The entry-point to parsing C source is the ``CParser`` class.  This creates a
preprocessor in its constructor, and defines some default types such as
``wchar_t`` and ``__int64_t``.  These can be disabled with kwargs.

Preprocessing can be quite time-consuming, especially on OS X where thousands
of ``#include`` declaratives are processed when Carbon is parsed.  To minimise
the time required to parse similar (or the same, while debugging) header
files, the token list from preprocessing is cached and reused where possible.

This is handled by ``CPreprocessorParser``, which overrides ``push_file`` to
check with ``CParser`` if the desired file is cached.  The cache is checked
against the file's modification timestamp as well as a "memento" that
describes the currently defined tokens.  This is intended to avoid using a
cached file that would otherwise be parsed differently due to the defined
macros.  It is by no means perfect; for example, it won't pick up on a macro
that has been defined differently.  It seems to work well enough for the
header files pyglet requires.

The header cache is saved and loaded automatically in the working directory
as ``.header.cache``.  The cache should be deleted if you make changes to the
preprocessor, or are experiencing cache errors (these are usually accompanied
by a "what-the?" exclamation from the user).
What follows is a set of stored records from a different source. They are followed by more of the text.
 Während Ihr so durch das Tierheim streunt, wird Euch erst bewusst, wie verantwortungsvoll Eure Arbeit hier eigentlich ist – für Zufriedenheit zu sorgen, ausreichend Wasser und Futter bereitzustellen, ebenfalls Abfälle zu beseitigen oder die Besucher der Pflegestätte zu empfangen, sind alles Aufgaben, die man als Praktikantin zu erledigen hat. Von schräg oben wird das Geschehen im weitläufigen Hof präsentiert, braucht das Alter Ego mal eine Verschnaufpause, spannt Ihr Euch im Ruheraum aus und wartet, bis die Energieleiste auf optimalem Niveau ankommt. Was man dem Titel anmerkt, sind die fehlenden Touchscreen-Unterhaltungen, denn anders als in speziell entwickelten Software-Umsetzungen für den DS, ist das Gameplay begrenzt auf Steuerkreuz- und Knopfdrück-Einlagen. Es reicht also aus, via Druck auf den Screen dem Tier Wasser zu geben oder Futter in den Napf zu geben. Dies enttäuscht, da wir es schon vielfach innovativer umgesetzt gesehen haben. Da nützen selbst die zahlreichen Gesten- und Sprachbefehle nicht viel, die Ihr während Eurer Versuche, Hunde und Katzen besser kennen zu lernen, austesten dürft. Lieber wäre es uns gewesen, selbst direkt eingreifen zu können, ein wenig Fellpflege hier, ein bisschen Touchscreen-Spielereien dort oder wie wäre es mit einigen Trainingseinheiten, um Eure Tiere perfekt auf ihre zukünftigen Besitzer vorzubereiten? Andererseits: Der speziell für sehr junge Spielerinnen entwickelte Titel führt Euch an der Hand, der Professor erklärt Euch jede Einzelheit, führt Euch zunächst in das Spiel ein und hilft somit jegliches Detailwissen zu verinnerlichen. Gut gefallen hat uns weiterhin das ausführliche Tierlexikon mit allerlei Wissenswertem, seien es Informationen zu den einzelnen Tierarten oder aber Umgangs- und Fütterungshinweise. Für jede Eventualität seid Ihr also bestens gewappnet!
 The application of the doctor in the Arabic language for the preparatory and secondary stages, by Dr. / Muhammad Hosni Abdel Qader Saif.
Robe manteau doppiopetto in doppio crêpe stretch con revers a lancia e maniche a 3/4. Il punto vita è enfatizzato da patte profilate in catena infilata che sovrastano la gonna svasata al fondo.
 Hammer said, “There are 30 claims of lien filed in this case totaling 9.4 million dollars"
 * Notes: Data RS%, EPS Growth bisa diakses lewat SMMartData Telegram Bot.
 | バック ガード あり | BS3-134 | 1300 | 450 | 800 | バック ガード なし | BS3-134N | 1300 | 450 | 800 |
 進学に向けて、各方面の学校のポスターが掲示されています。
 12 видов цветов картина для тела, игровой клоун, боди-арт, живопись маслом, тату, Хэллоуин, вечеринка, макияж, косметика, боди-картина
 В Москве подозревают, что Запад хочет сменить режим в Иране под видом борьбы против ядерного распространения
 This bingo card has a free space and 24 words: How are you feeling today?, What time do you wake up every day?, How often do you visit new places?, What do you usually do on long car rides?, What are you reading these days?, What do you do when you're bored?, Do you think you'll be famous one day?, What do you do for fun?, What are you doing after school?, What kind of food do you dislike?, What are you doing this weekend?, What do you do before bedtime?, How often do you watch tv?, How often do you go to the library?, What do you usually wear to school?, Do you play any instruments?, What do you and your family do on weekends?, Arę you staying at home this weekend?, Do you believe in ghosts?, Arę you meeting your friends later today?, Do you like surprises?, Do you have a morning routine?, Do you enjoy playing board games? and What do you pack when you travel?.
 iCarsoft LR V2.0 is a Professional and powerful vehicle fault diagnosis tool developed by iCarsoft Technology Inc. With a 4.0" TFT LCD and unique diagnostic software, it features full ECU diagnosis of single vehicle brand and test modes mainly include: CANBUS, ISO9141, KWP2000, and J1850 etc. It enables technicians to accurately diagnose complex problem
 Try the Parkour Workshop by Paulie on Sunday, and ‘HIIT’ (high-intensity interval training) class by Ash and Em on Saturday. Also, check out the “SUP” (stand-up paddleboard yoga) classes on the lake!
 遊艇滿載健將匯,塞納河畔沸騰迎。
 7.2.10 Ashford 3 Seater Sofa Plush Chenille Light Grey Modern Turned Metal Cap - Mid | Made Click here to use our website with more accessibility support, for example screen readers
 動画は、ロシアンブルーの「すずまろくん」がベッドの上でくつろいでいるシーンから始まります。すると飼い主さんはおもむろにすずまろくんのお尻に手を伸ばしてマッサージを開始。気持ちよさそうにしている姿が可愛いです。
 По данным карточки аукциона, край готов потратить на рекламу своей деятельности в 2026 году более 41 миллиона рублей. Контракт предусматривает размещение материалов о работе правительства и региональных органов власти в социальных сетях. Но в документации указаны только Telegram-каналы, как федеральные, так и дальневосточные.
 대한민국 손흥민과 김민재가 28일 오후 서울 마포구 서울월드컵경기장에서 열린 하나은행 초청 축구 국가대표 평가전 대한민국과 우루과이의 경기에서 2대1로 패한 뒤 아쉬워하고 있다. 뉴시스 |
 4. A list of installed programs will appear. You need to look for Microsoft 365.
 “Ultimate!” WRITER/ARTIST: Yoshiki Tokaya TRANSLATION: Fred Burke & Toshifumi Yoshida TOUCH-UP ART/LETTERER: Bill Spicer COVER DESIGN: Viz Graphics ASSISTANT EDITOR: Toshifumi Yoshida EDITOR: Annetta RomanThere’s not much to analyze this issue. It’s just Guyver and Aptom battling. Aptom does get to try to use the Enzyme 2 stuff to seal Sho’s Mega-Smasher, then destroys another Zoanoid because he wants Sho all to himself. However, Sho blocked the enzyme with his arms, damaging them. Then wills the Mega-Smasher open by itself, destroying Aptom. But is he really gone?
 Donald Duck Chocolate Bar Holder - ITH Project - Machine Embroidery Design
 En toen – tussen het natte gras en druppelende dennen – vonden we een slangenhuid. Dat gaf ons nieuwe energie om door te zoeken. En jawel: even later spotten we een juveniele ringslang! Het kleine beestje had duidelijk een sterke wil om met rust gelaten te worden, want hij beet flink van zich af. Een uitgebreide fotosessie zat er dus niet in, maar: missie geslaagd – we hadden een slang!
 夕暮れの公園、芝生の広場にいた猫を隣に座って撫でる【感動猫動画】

The actions in the grammar construct parts of a "C object model" and call
methods on ``CParser``.  The C object model is not at all complete, containing
only what pyglet (and any other ctypes-wrapping application) requires.  The
classes in the object model are:

Declaration
    A single declaration occuring outside of a function body.  This includes
    type declarations, function declarations and variable declarations.  The
    attributes are ``declarator`` (see below), ``type`` (a Type object) and
    ``storage`` (for example, 'typedef', 'const', 'static', 'extern', etc).
Declarator
    A declarator is a thing being declared.  Declarators have an
    ``identifier`` (the name of it, None if the declarator is abstract, as in
    some function parameter declarations), an optional ``initializer``
    (currently ignored), an optional linked-list of ``array`` (giving the
    dimensions of the array) and an optional list of ``parameters`` (if the
    declarator is a function).
Pointer
    This is a type of declarator that is dereferenced via ``pointer`` to
    another declarator.
Array
    Array has size (an int, its dimension, or None if unsized) and a pointer
    ``array`` to the next array dimension, if any.
Parameter
    A function parameter consisting of a ``type`` (Type object), ``storage``
    and ``declarator``.
Type
    Type has a list of ``qualifiers`` (e.g. 'const', 'volatile', etc) and
    ``specifiers`` (the meaty bit).
TypeSpecifier
    A base TypeSpecifier is just a string, such as ``'int'`` or ``'Foo'`` or
    ``'unsigned'``.  Note that types can have multiple TypeSpecifiers; not
    all combinations are valid.
StructTypeSpecifier
    This is the specifier for a struct or union (if ``is_union`` is True)
    type.  ``tag`` gives the optional ``foo`` in ``struct foo`` and
    ``declarations`` is the meat (an empty list for an opaque or unspecified
    struct).
EnumSpecifier
    This is the specifier for an enum type.  ``tag`` gives the optional
    ``foo`` in ``enum foo`` and ``enumerators`` is the list of Enumerator
    objects (an empty list for an unspecified enum).
Enumerator
    Enumerators exist only within EnumSpecifier.  Contains ``name`` and
    ``expression``, an ExpressionNode object.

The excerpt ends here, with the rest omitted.